Adaptação de livro de Annie Ernaux que foi número 1 de vendas na França por 8 meses, com 400 mil cópias vendidas, na Netflix Divulgação / Magali Bragard

Adaptação de livro de Annie Ernaux que foi número 1 de vendas na França por 8 meses, com 400 mil cópias vendidas, na Netflix

Decidir envolver-se emocionalmente com outra pessoa é um processo complexo e, por vezes, irracional. Aos poucos, as emoções tomam controle, superando qualquer lógica e transformando-se em uma espiral que pode culminar em obsessão, paranoia, frustração e tristeza. Seguindo a linha de raciocínio dos versos de Pessoa, o amor genuíno exige uma dose de ridículo, de atos que desafiam nossa própria natureza, levando-nos a comportamentos que, sob o crivo da razão, jamais adotaríamos.

Sentimos orgulho dessas atitudes, um mecanismo de defesa que mascara a vergonha iminente. No entanto, a percepção de que há algo de superficial ou falso na relação é rapidamente ofuscada pela ilusão de autenticidade, reforçando a crença de que o sentimento é mais real justamente porque se revela de forma tão íntima e exclusiva. E assim, o ciclo de engano e sofrimento nunca encontra um fim definitivo.

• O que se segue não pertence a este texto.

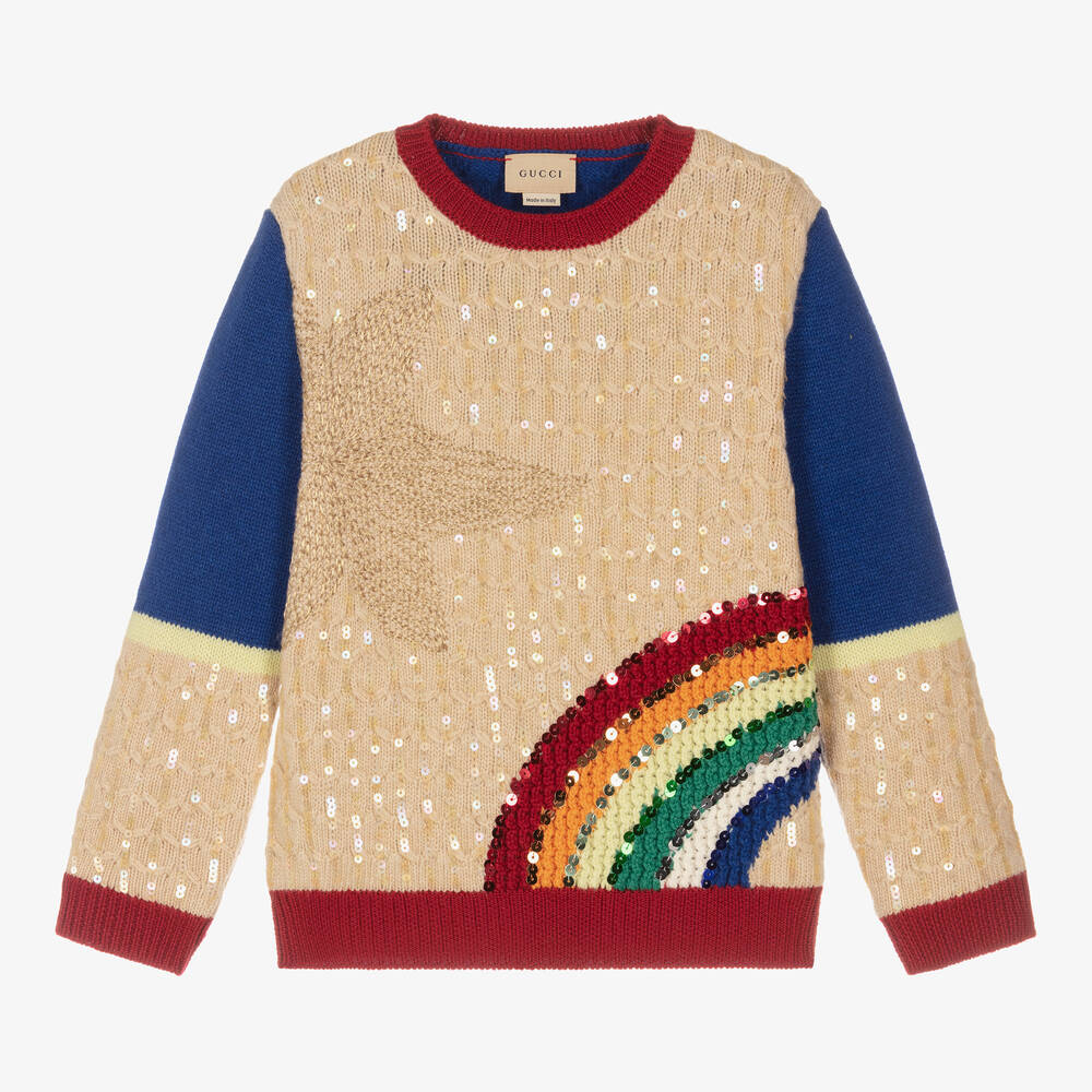 A fun sweater for girls by luxury Italian brand Gucci, signed with a small branded tab on the back. Knitted in soft wool with a subtle raised pattern, it is beige on the front and royal blue on the back. There is a yellow stripe on the sleeves and red ribbing on the cuffs, hem and neck. This gorgeous jumper is decorated with eye-catching iridescent sequins on the front, with a gold star woven on one side, and a colourful rainbow design on the other.

A realidade paralela vivida por casais apaixonados, onde cada indivíduo está perdido em uma fase diferente do relacionamento, é apenas um dos aspectos que revelam o quão saudável ou tóxico pode ser um vínculo amoroso. A partir dessa percepção, surgem as conclusões desconcertantes que delineiam o verdadeiro grau de comprometimento entre duas pessoas. Por vezes, as expectativas e desejos de cada um são tão divergentes que fica evidente que ambos possuem visões completamente diferentes sobre a vida compartilhada, como se, na essência, não se conhecessem de fato.

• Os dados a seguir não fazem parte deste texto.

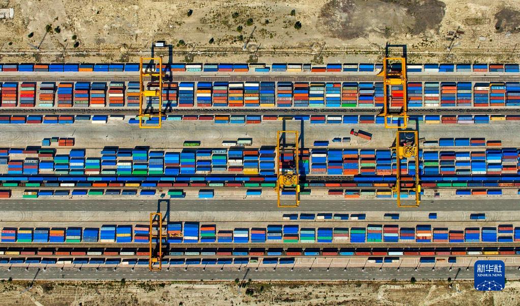 新疆霍爾果斯站換裝庫(9月6日攝,無(wú)人機照片)。目前,經(jīng)霍爾果斯鐵路口岸通行中歐(中亞)班列數量累計超過(guò)3.2萬(wàn)列,班列開(kāi)行線(xiàn)路累計達80條,輻射境外18個(gè)國家、45個(gè)城市和地區。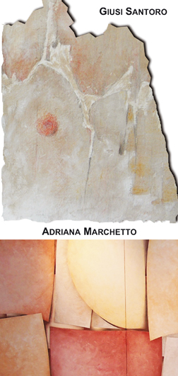 Nei dipinti di Adriana Marchetto "libere geometrie "donano respiro all'universo tramite ricercati percorsi geometrici dove la forma ellittica ad intreccio diviene il leit-motive delle composizioni. Gialli, ocra, ovattate degradazioni violacee diventano il paradigma delle figurazioni, dove la linearità prevedibile delle geometrie viene piegata dalla dinamicità temporale degli eventi. Energie primordiali si scontrano in spazi cosmici improbabili, definiti da silenti volute che improvvisamente si trasformano in roteanti cerchi dall’immensa espansione. Affiora nelle opere di Giusi Santoro e Adriana Marchetto una sensibile tensione verso la luce, il rigore esecutivo, la ricerca di infinito generando affinità formali, colte convergenze espressive, rigorose razionalità figurative, unite ad un profondissimo ed evocativo lirismo rappresentativo .

O filme “Pura Paixão” (2020) retrata com precisão esse desencontro entre um casal. A diretora Danielle Arbid busca representar visualmente o turbilhão emocional e psicológico que consome dois personagens enigmáticos, cujas demandas e expectativas se opõem de forma irreconciliável.

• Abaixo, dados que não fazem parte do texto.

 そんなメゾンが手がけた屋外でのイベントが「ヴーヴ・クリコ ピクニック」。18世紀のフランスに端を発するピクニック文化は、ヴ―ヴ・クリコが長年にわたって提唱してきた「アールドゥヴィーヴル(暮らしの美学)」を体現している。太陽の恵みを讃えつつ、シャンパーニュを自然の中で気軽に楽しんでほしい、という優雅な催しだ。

Os protagonistas, Hélène e Aleksandr, nascem da obra de Annie Ernaux, escritora francesa vencedora do Nobel de Literatura em 2022, e ganham vida nas atuações intensas de Laetitia Dosch e Sergei Polunin. O enredo do filme foca na simplicidade de uma relação marcada por percepções divergentes sobre o amor. Hélène, uma professora universitária recém-divorciada, acredita amar Aleksandr, mas, no fundo, anseia por algo que traga sentido à sua vida.

Por outro lado, Aleksandr, consciente de suas próprias necessidades, não busca aventuras nem grandes mudanças. Arbid, e por extensão Ernaux, exploram o velho clichê do homem que procura constantemente emoções extraconjugais, em contraste com uma mulher desesperadamente romântica, solitária e vulnerável. Seria simplista e injusto atribuir o comportamento de Hélène exclusivamente à idade, como se estivesse presa ao início da meia-idade e às inevitáveis perdas que a acompanham.

No entanto, o filme sugere que, para ela, os melhores momentos da vida agora residem no passado, uma memória agridoce que alimenta suas inseguranças. A ausência de detalhes sobre como essas duas almas machucadas se encontraram é um ponto fraco da narrativa, deixando uma lacuna que se torna cada vez mais perceptível à medida que a trama avança.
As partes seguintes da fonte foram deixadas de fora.